StructRAG demonstrates that selecting knowledge structure type based on query demands—via DPO-trained router choosing among tables, graphs, algorithms, catalogues, and chunks—improves knowledge-intensive reasoning over standard retrieval. The approach grounds this in cognitive load and cognitive fit theory from cognitive science.
Only ~20% of tokens exhibit high entropy as pivotal reasoning decision points; RLVR primarily adjusts these forking tokens. Training exclusively on them matches or exceeds full-gradient performance, revealing that the minority carries the learning signal.
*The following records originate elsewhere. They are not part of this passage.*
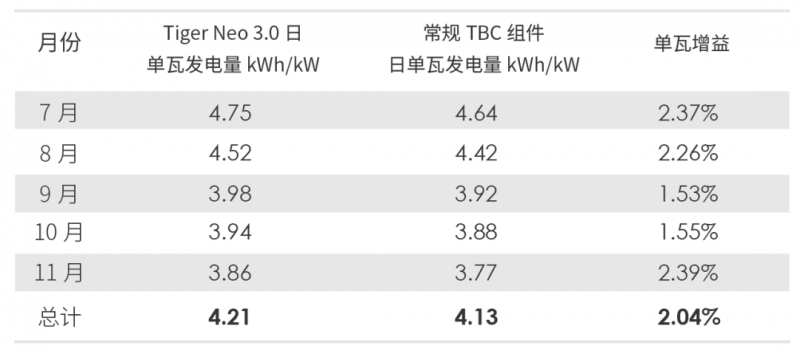 數據顯示,在2024年7月-11月測試期間,TigerNeo3.0組件日平均發電4.21kWh/kW,TBC組件日平均發電4.13kWh/kW,發電量增益為2.04%。這一結果充分證明了晶科TOPCon技術TigerNeo3.0組件在高效發電方面的顯著優勢。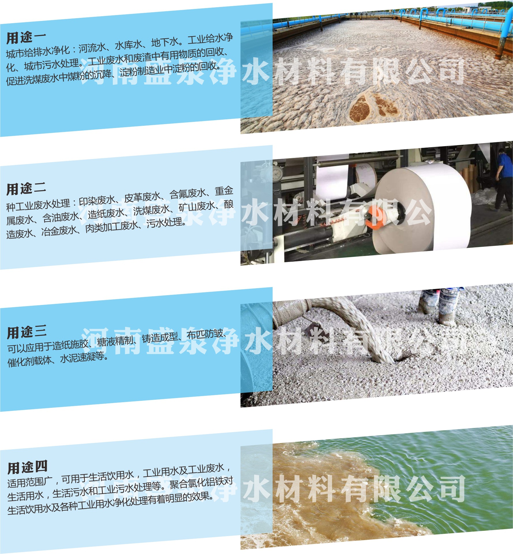 2、净化工业用水、工业废水、矿山、油田回注水、净化造水、治金、洗煤、皮革及各种化工污水处理等。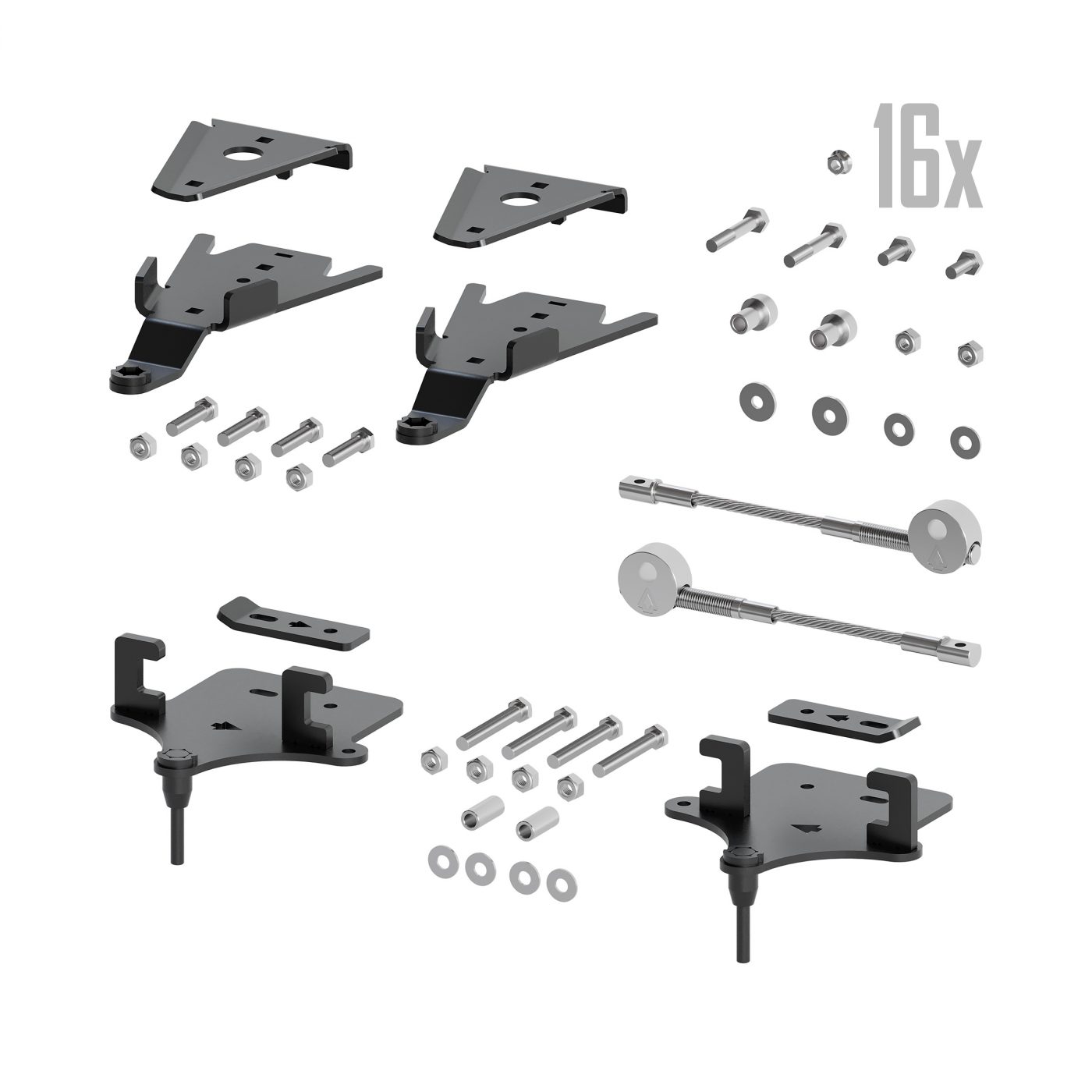 Includes front brackets, rear brackets, limiter cables and 16 lug nuts.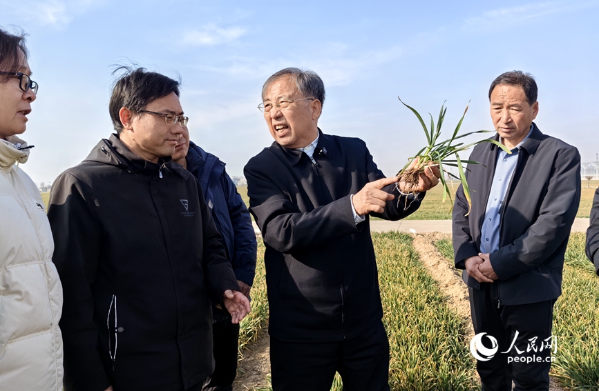 茹振钢与他的学生及当地种粮大户交流麦苗生长情况。人民网宋芳鑫摄
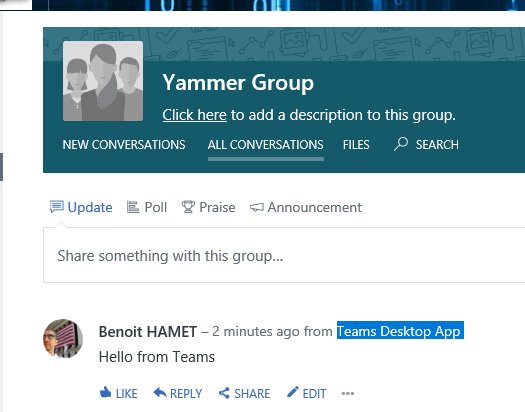And I have posted a message from Teams to the Yammer group, you can see it show ‘from Teams Desktop app’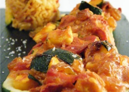 Farcissez les des légumes et enfournez le tout 20 minutes à 180°C. Le dessus aura compoté un peu plus et la courgette en dessous sera craquante.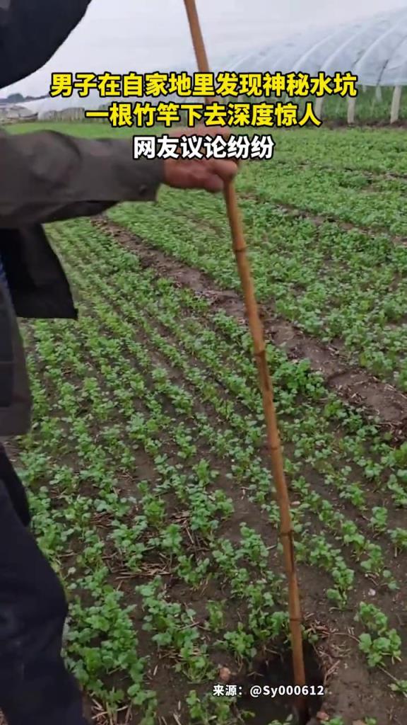 男子在自家地里发现神秘水坑,一根竹竿下去深度惊人!
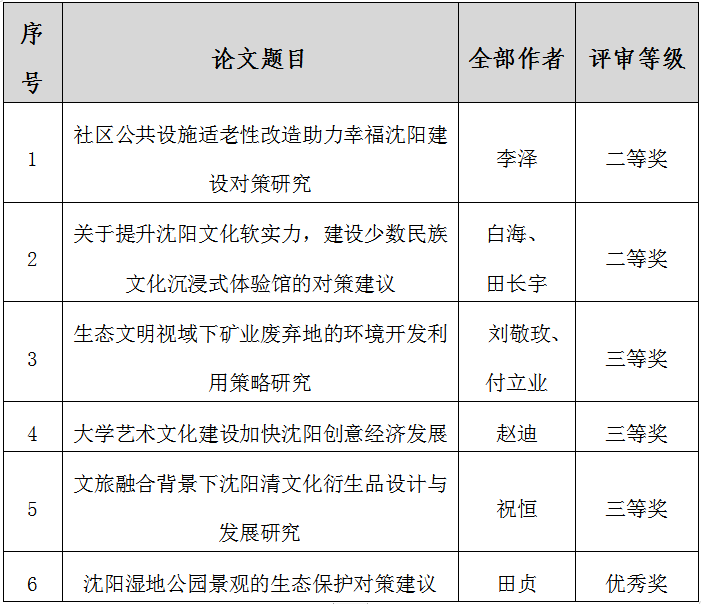 近日,沈阳市科学技术协会公布第十八届沈阳科学学术年会论文评审结果,beat365《社区公共设施适老性改造助力幸福沈阳建设对策研究》等6篇论文获奖,现将结果公布如下: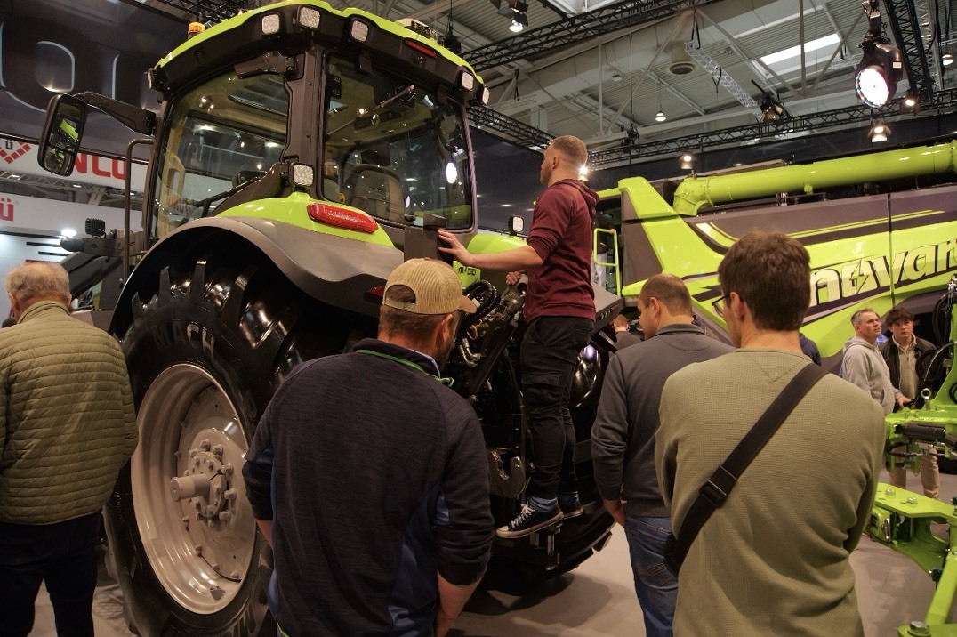 上午9点,在5号馆D37展台,首次亮相全球最大农机展的中联重科展区已是人流如织,前来观摩、咨询的嘉宾络绎不绝。四款高端新能源主机产品正式向全球专业观众亮相:分别为DV3504、DQ2604、DL1604三款混动拖拉机,以及一款480马力的混动收割机H7-600E。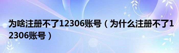为啥注册不了12306账号(为什么注册不了12306账号)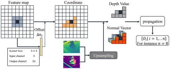 Owing to our deep sampling approach that is heavily reliant on the spatial disposition of neighboring pixels, and mandating the neighborhood pixels to maintain similar tangent planes to the current pixel in 3D space as shown in Figure 5, the algorithm necessitates the spatial surface of the neighboring points to remain contiguous with the current pixel to avoid any significant discrepancies between the sampling findings and the actual value. To tackle this challenge, we incorporated the reference image feature map information within the model. As shown in Figure 7, by leveraging deformable convolutional networks, we ascertained the position offset of the neighboring pixels and overlaid the original neighborhood pixels against said offset, thereby achieving a computation of spatially continuous neighborhood positions. This methodology facilitates a deep sampling procedure predicated on neighborhood tangent plane propagation.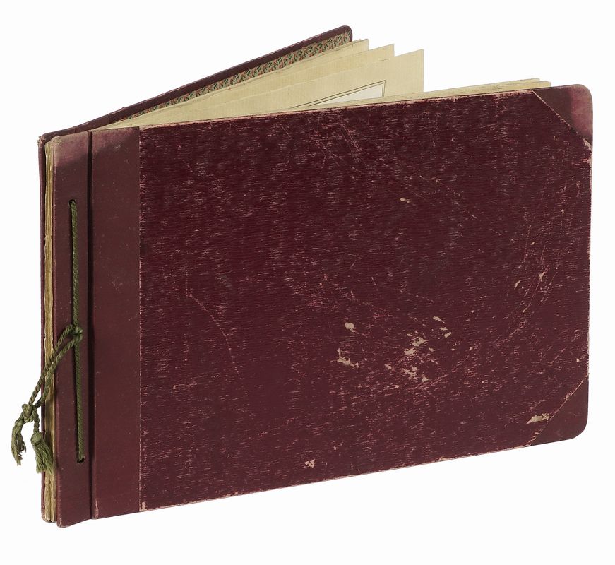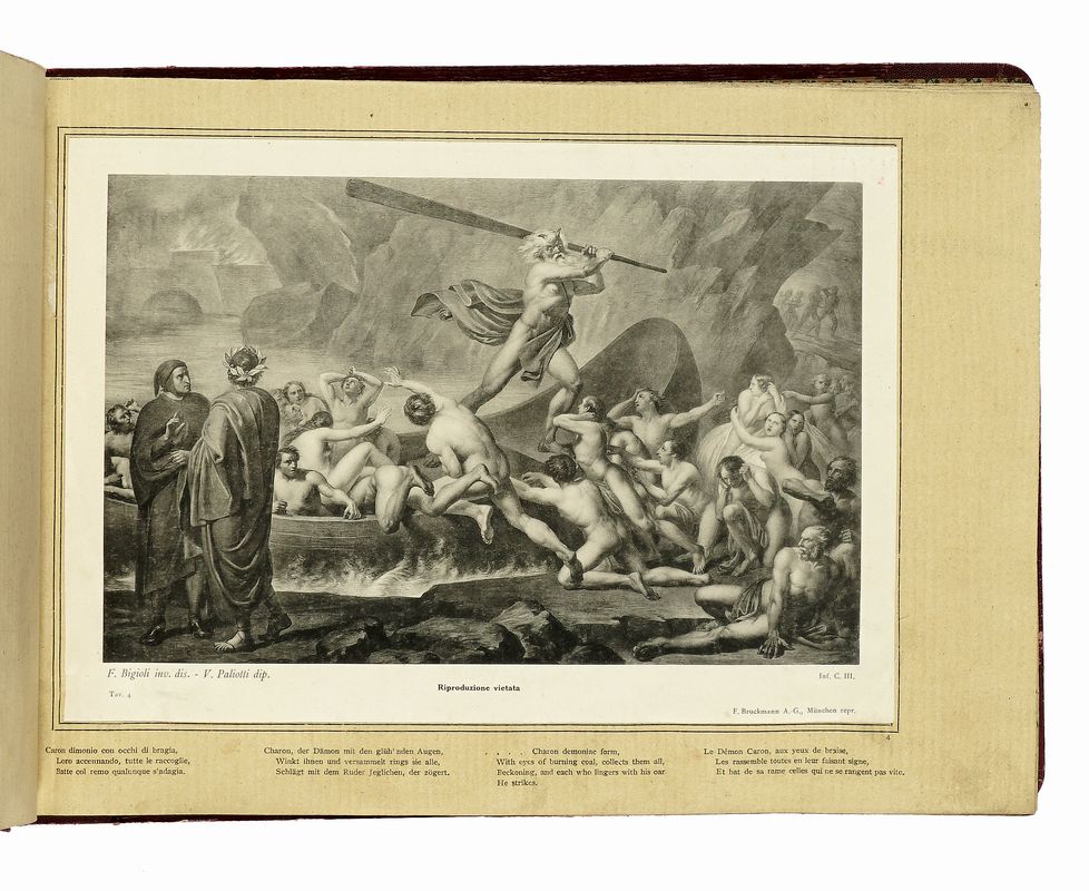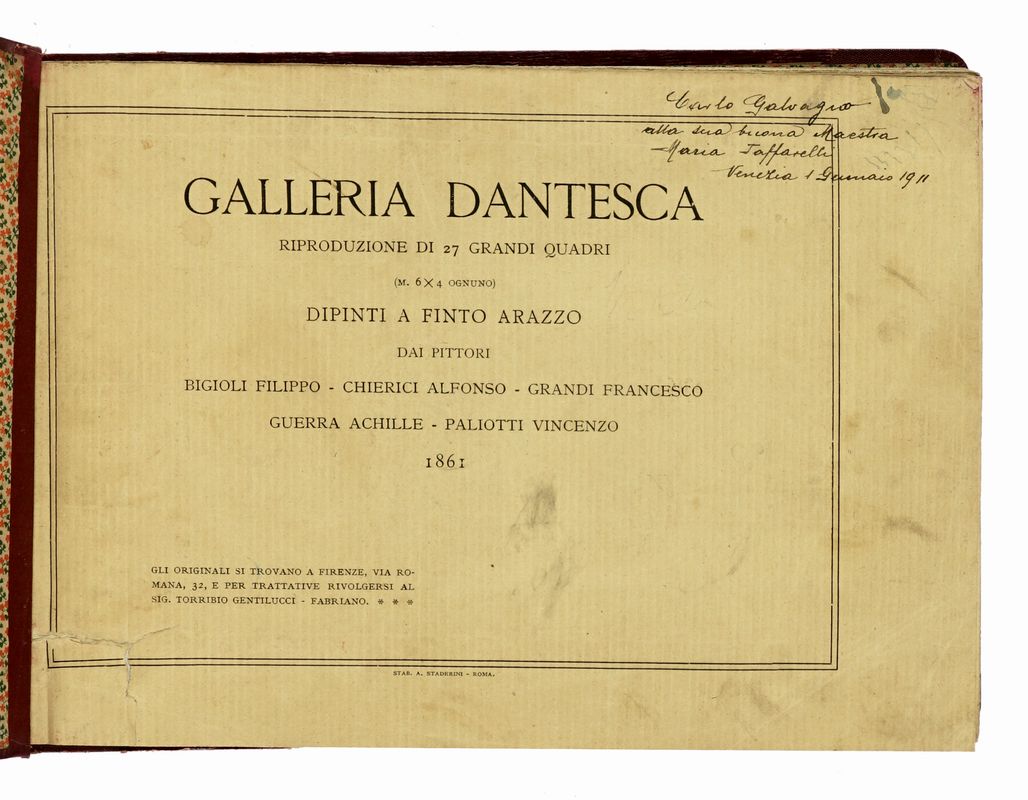 In-8° oblungo (mm 215x295). Con 1 carta di frontespizio e 27 incisioni applicate su supporti con didascalie in italiano, inglese, francese e tedesco. Alcune carte con strappi richiusi, incluso il frontespizio. Legatura in mezza tela rossa con punte e piatti in percallina rossa. Sguardie in carta decorata. Alcune mancanze in corrispondenza ai piatti. Nota di possesso manoscritta al frontespizio, datata 1911.
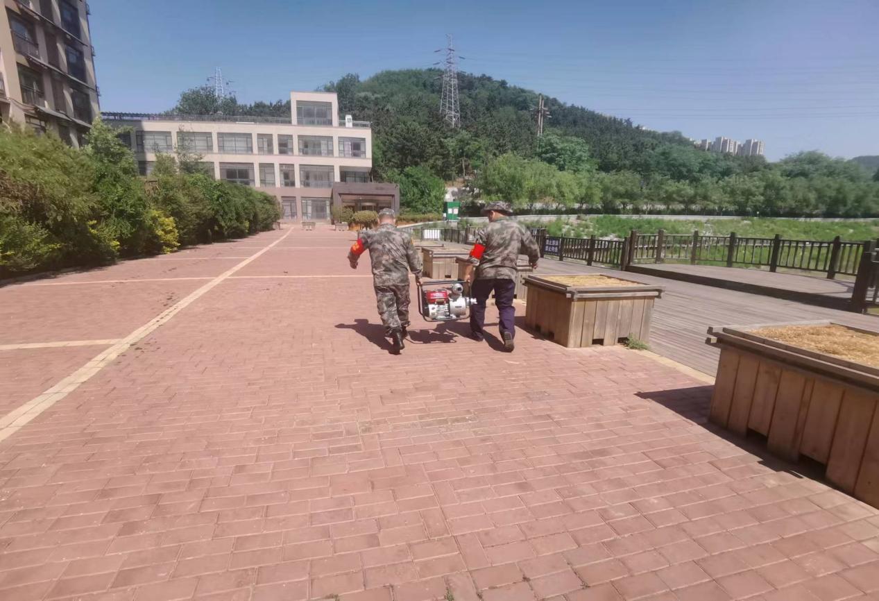 隨后又開展了抽水演練,隊(duì)員們?cè)诮值廊藛T帶領(lǐng)下迅速展開抽水設(shè)備,搭建抽水通道,將溢入小區(qū)的“積水”排出去。
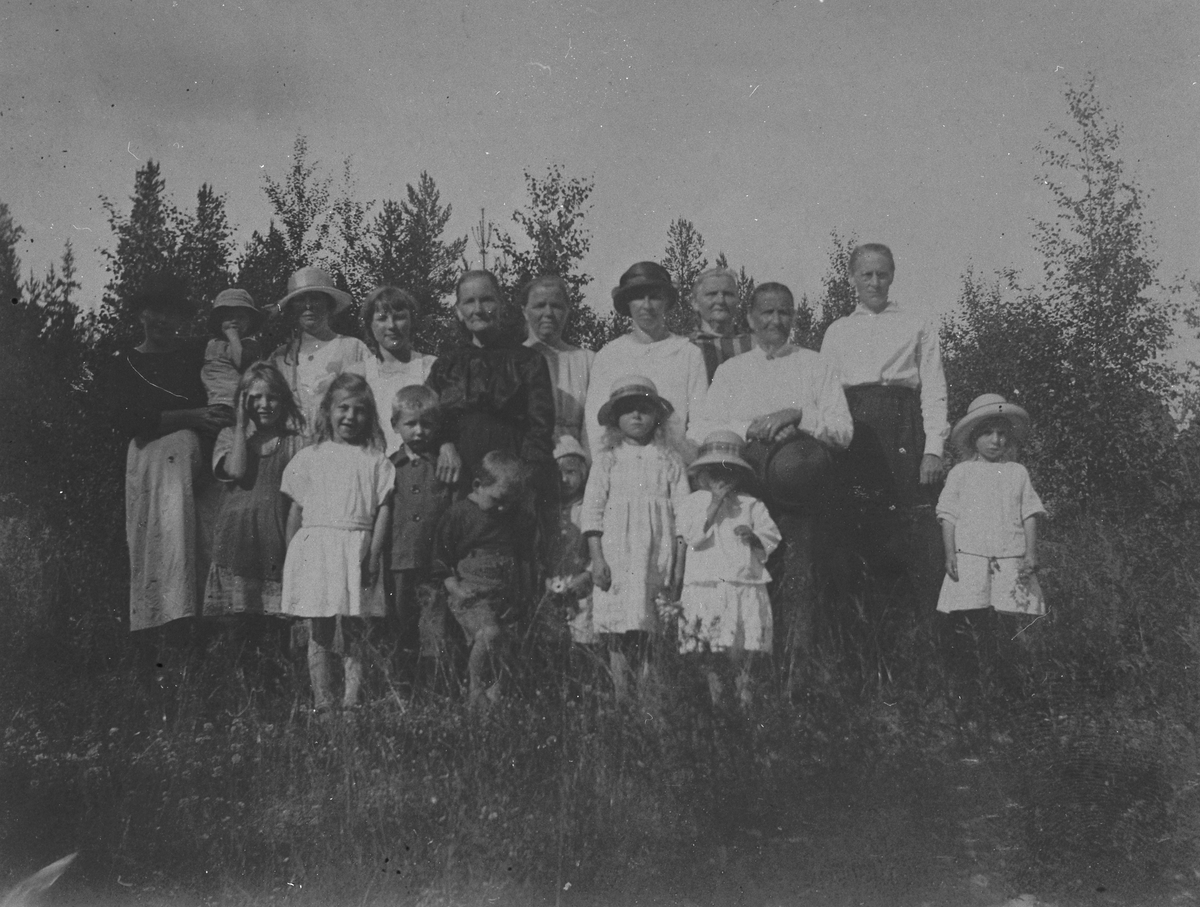 Kvinnor och barn uppställda för gruppfoto, utomhus.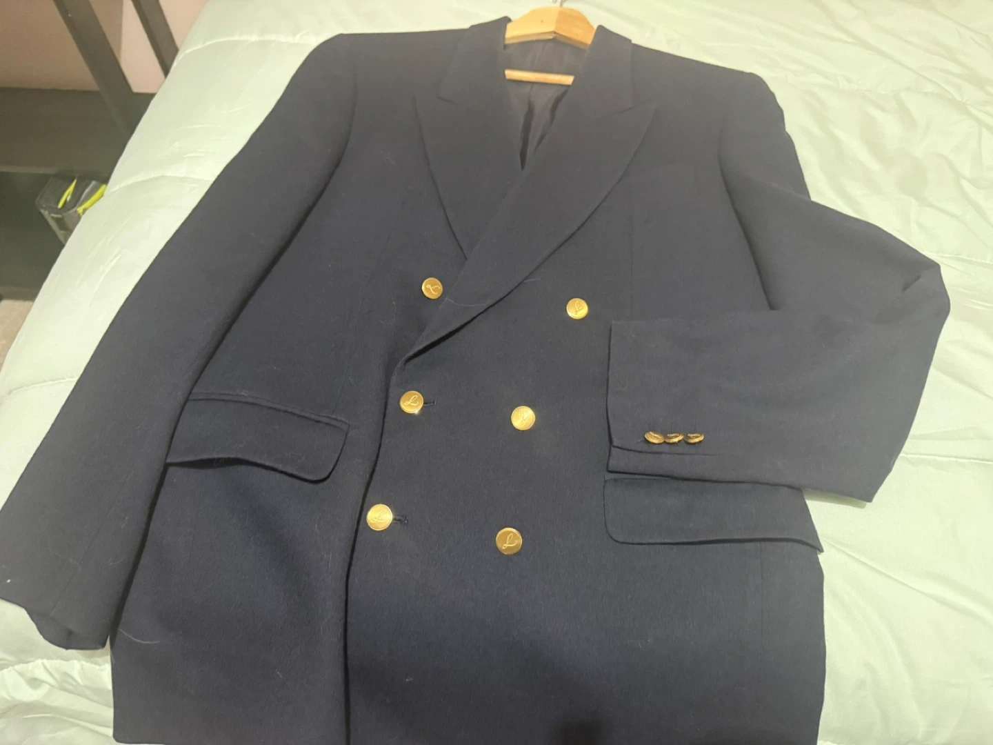 Selling a navy blue blazer. It's in good condition with gold buttons. Perfect for dressing up or down!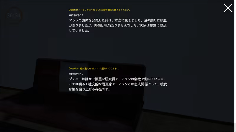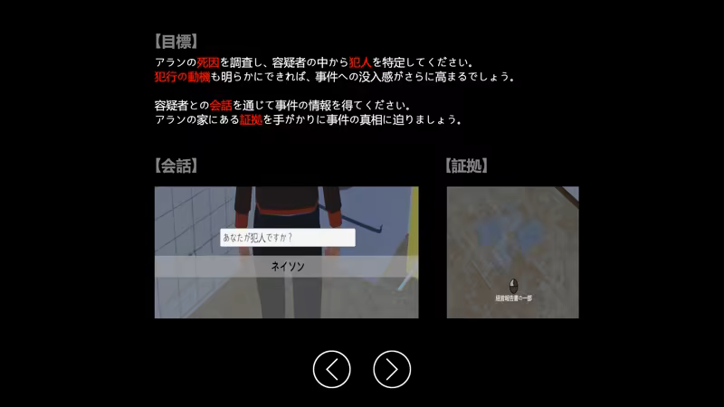 繰り返しプレイすることで新たな証拠を発見し、アランの死の真相にたどり着くことができます。

Graph-O1 replaces whole-graph ingestion with step-by-step agentic navigation using Monte Carlo Tree Search and reinforcement learning. This approach fits within LLM context windows while learning domain-specific traversal policies, though it trades certainty about the full graph for decision-making under uncertainty.
Agentic deep research shows monotonic-to-diminishing-returns curves for search iterations, matching reasoning token scaling. This creates a new inference-compute axis: models can trade off reasoning budget against search budget to optimize answer quality.
Unrestricted reasoning within single search turns consumes context needed for subsequent retrieval rounds, degrading the agent's ability to incorporate new evidence. Setting per-turn reasoning budgets, not just overall time limits, prevents this context erosion and maintains search quality across iterations.
DataAlchemy experiments show CoT fails systematically under distributional shifts in task, length, and format. Models produce fluent but logically inconsistent reasoning — imitating reasoning form without valid underlying logic.
StepWiser demonstrates that training judges to produce reasoning chains about policy reasoning—rather than classify steps—yields better judgment accuracy and data efficiency. Independent confirmation from GenPRM and ThinkPRM shows generative PRMs outperform discriminative ones with orders of magnitude less training data.